# how to Create BSNL dialer in Ubuntu 8.10



## chintan786 (Dec 30, 2008)

Hi friends, today i have Installed Ubuntu 8.10 but till now i am not able to figure out how to create BSNL dialer in it just like Win Xp. i don't want to create automatic login with it.If some Techie post Steps then it will be very helpful to me.

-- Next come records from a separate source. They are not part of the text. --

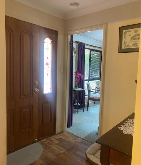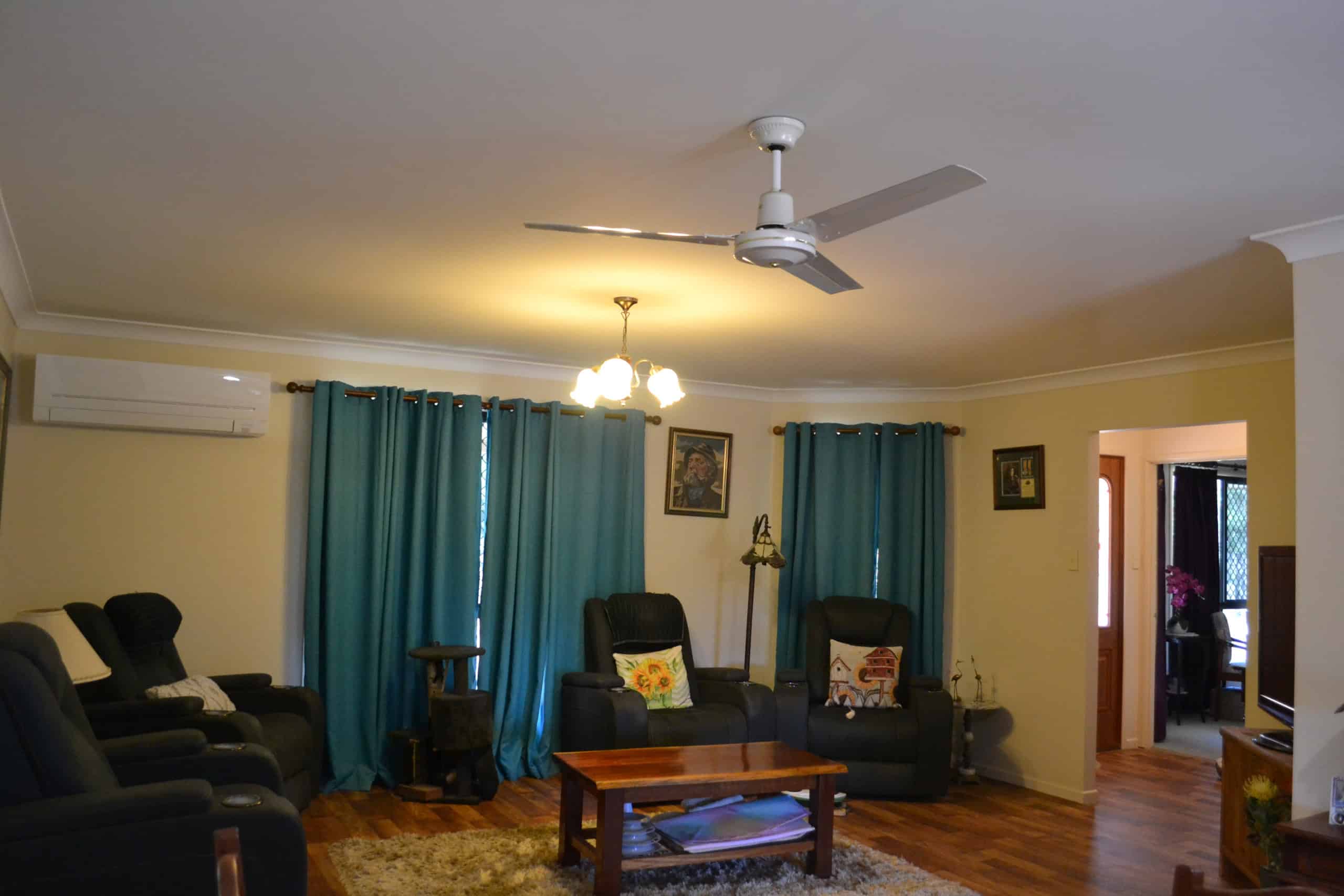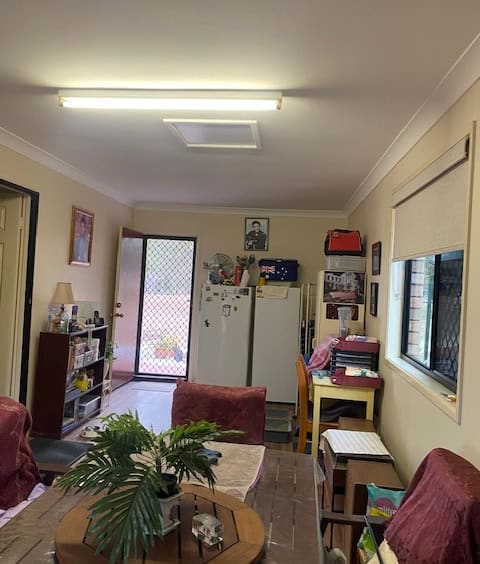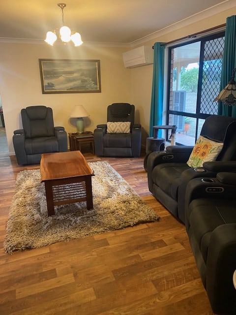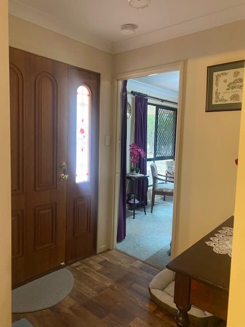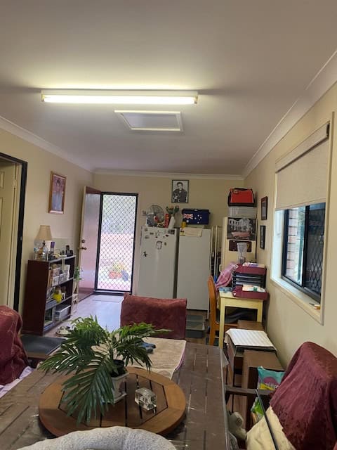 Family Room converted from garage with timber look vinyl flooring, sliding screen door to front yard, smaller screen door to back yard
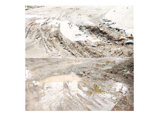 शहर में रास्तों पर जगह-जगह पर कीचड़ और गड्ढे
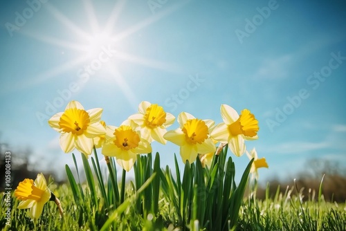 Fototapeta premium Yellow daffodils blooming in grassy field under blue sky with sun rays, capturing vibrant spring atmosphere
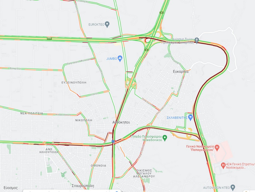 Εσωτερική Περιφερειακή, Εξωτερική Περιφερειακή, οι κεντρικοί οδικοί άξονες, όλα μποτιλιαρισμένα.
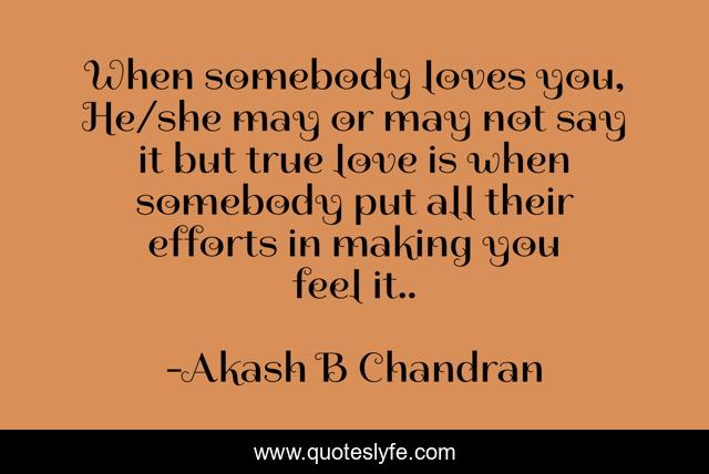 This page presents the quote "When somebody loves you, He/she may or may not say it but true love is when somebody put all their efforts in making you feel it..". Author of this quote is Akash B Chandran. This quote is about feel, true-love, efforts, love, affection,.
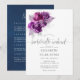 Dark plum purple roses and silver glitter tropical foliage bachelorette weekend invitations with itinerary and a navy blue watercolor wash reverse.
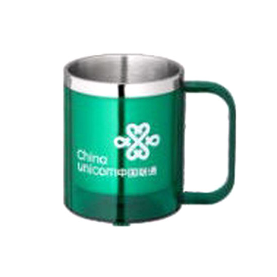 Printed with a white logo, this coffee cup features a green finish. it can hold up to 220ml of fluid. The large handle allows easy and firm grip.
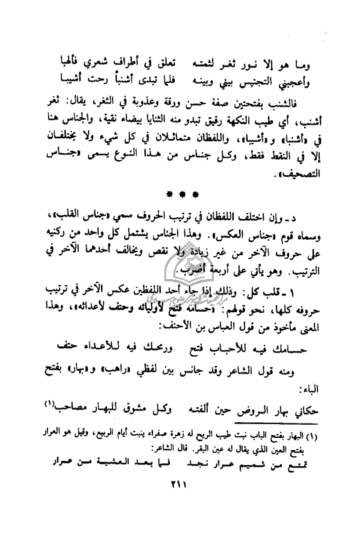 ومنه قول الشاعر وقد جانس بين لفظي «راهب» و «بهار» بفتح الباء:
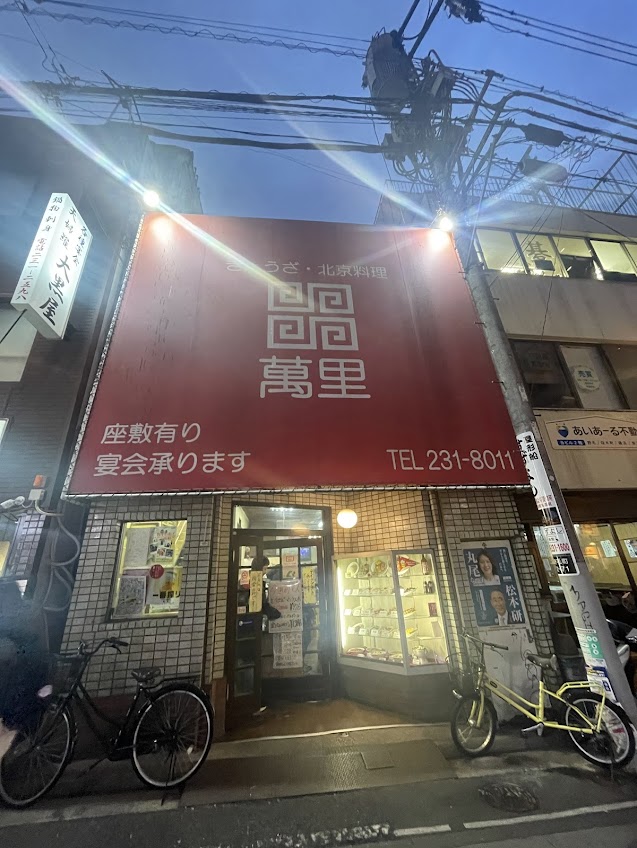 昭和24年創業、野毛の街と共に歩んできた老舗「北京料理 萬里(ばんり)」の暖簾をくぐります。「餃子発祥の店」とも言われるレジェンド的な存在です。
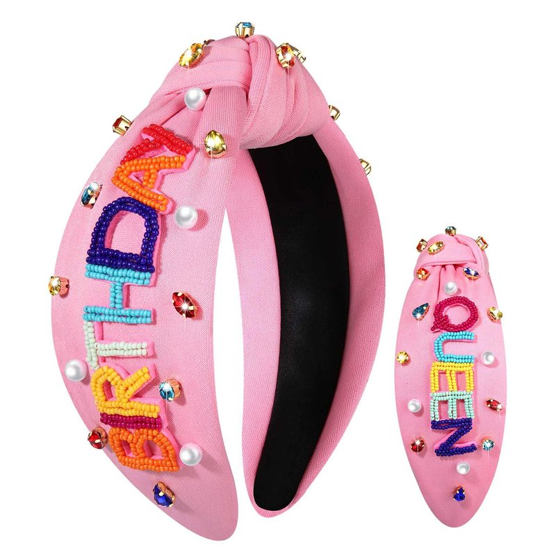 Birthday Headband for Women Beaded It’s My Birthday Knotted Headband Embellished Rhinestone Crystal Top Knot Headband Birthday Crown Hair Accessories Party Decorations Gifts (Birthday Queen 3)
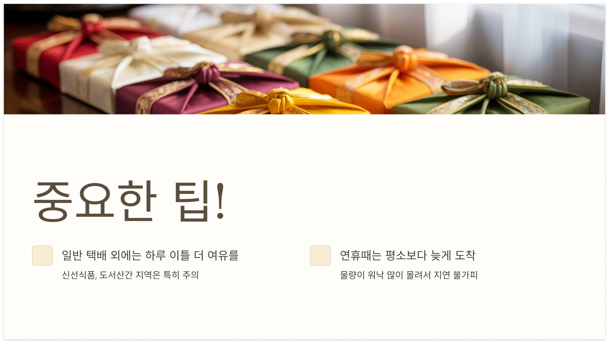 연휴 시작 전후로는 물량이 몰려 배송 지연이 발생하기 쉽기 때문에, 마감일을 꼭 체크해야 합니다.
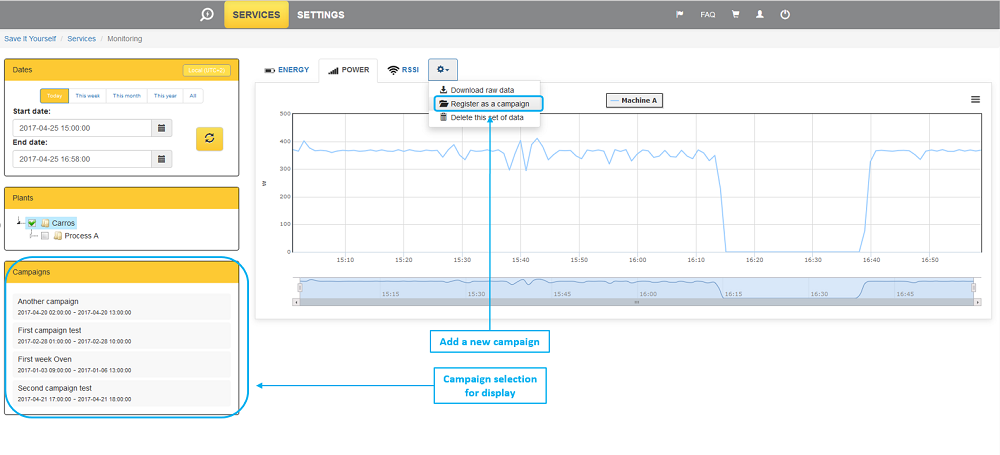 A campaign saves all your configuration and data. It gives the exact same amount of information, and you will be able to use all other services with LIVE data and CAMPAIGNS data.
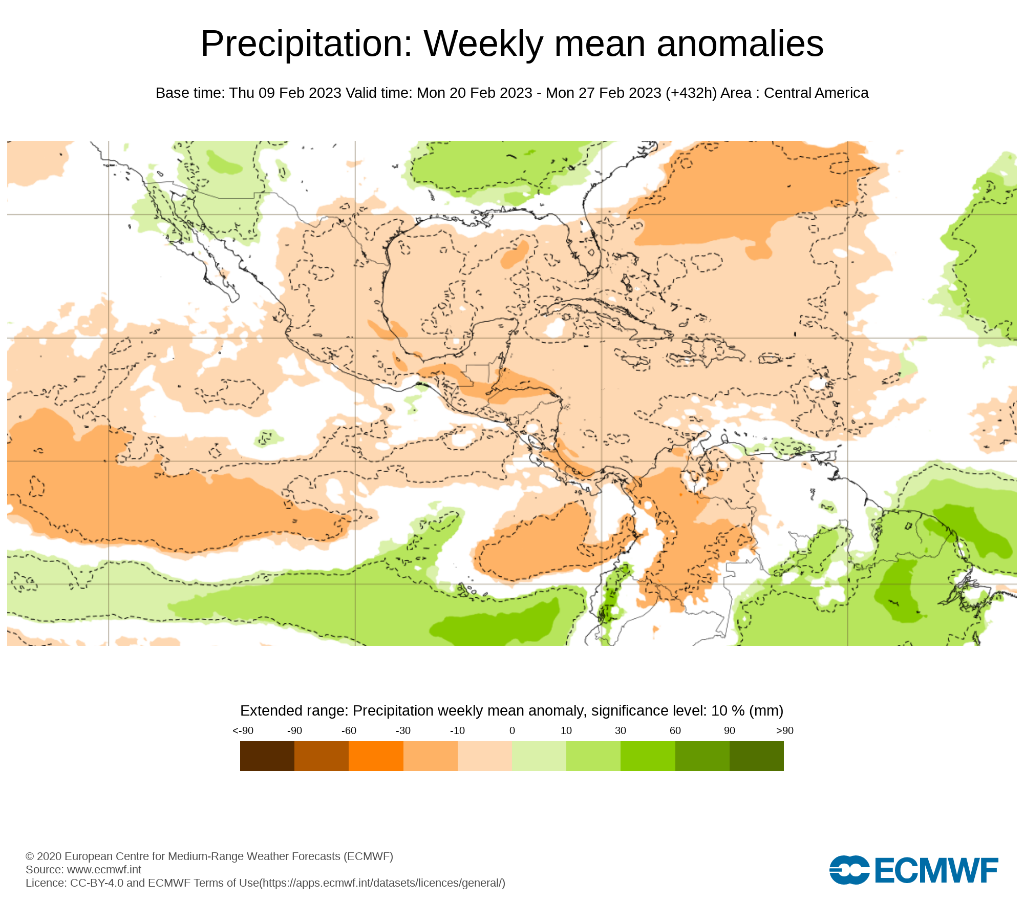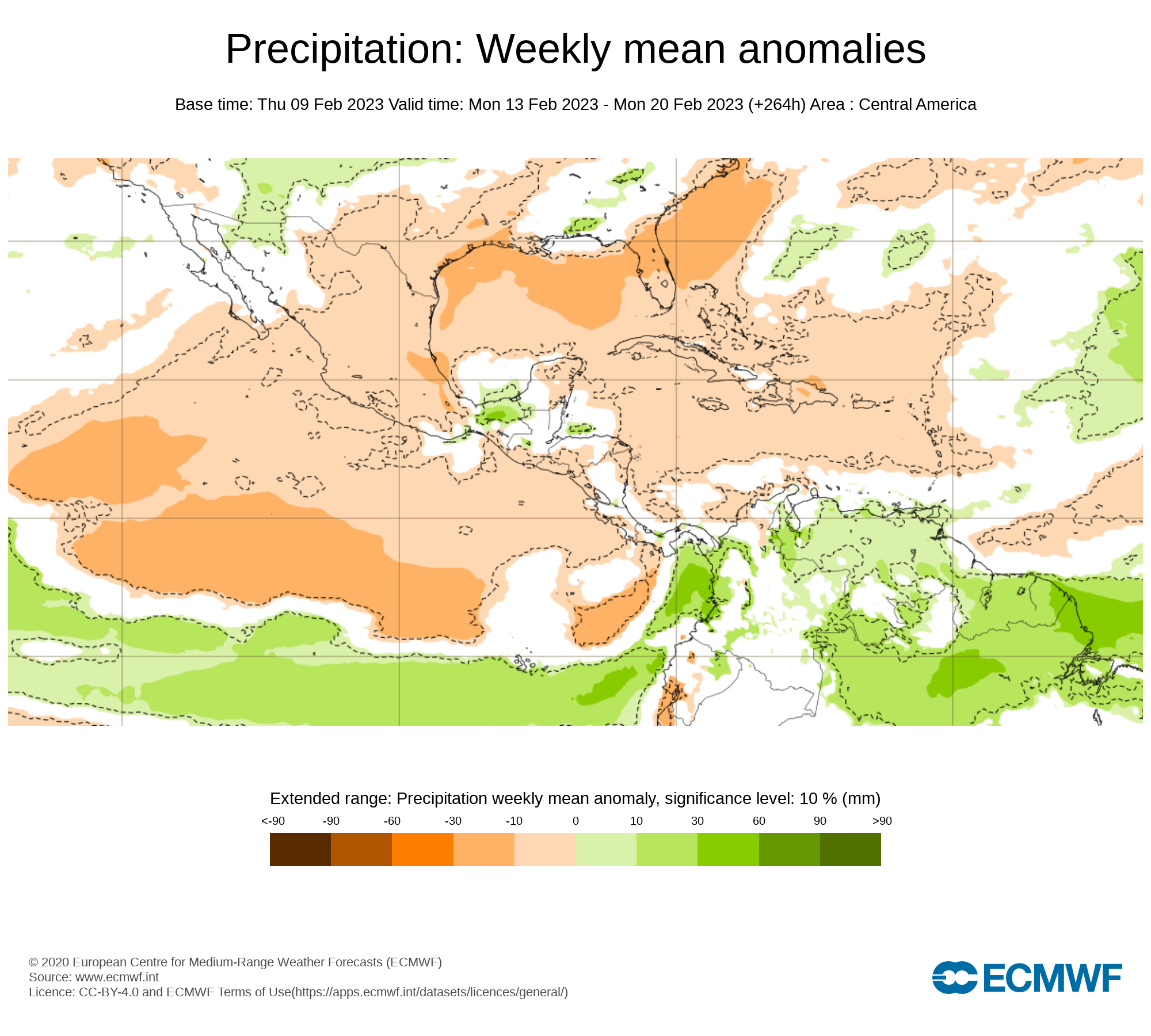 El pronostico semanal emitido por European Centre for Medium-Range Weather Forecast (ECMWF), se esperan eventos de precipitaciones promedio sobre el territorio nacional.

Also i am not able to play Movie CD into it... shows error tht application for this is not there. do i need to download some Movie Player for tht . if yes which one.

thanks in Advance,

Chintan


----------



## Rahim (Dec 30, 2008)

Welcome Chitan.
Just folow these simpe steps to create a dialer for Dataone
1:Open a Terminal(Applicatin>Accessories) and enter 
	
	



```
sudo pppoeconf
```
2: Enter YOUR password when prompted.
3:Enter the details one by one, Dataone Username should be username@dataone without the .in
4:Just accept the default values and select "No" when asked to dial on boot up.
5:To connect : Open a Terminal and enter 
	
	



```
pon dsl-provider
```
6:To disconnect open a Terminal and enter 
	
	



```
poff -a
```

To connect/disconnect the alternative is to create 2 Launchers(Shortcuts) on the Desktop.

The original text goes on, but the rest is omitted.